The application was filed by a solicitor of the Court and the notice was ticked that no extension of time was required under s.477, which was wrong. More importantly however, it appears that the applicant had in fact filed an application on 2 October 2014 in respect of the very same decision of the Tribunal of 1 September 2014, although the applicant was at that stage self-represented, which application was dismissed by an order of this Court on 4 February 2015 by Judge Cameron. No appeal has been taken from that decision of Judge Cameron by the applicant to the Federal Court of Australia.
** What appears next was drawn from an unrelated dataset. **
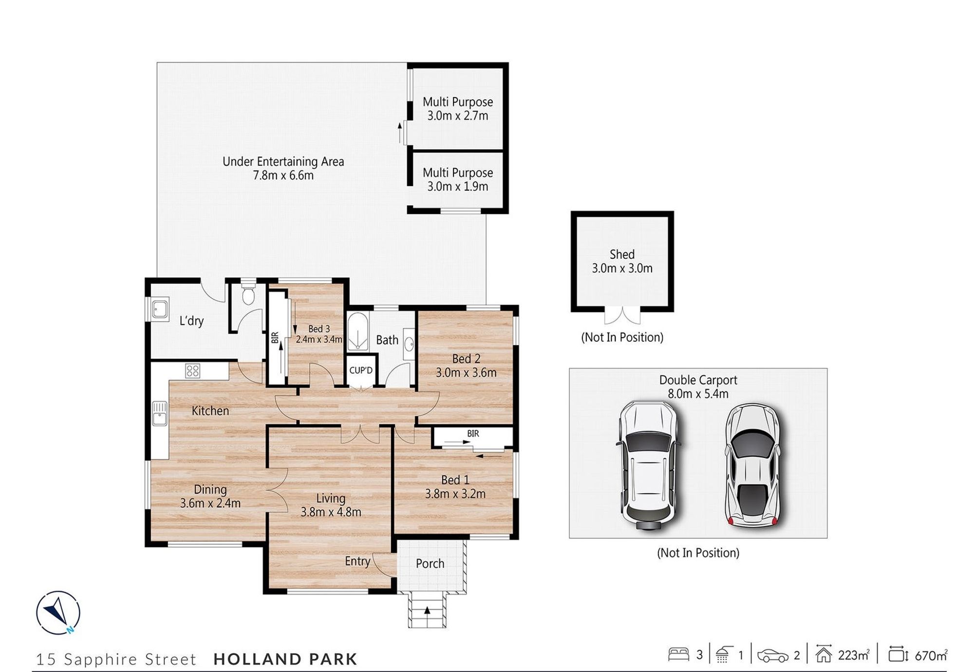 Large space carport, newly timber floors, storage rooms.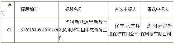 华润电力东北大区第2批招标(阜新驿马池风电场生态修复)通过招标评审,结果公示如下:

The Court was provided with an affidavit by the solicitor of the applicant sworn today which annexed a copy of the pro-forma letter from 12 March 2014 in respect of the data breach that had occurred, and which matter went to one of the new purported grounds sought to be raised by the applicant in the current application as well as an example letter which was dated 9 February 2015.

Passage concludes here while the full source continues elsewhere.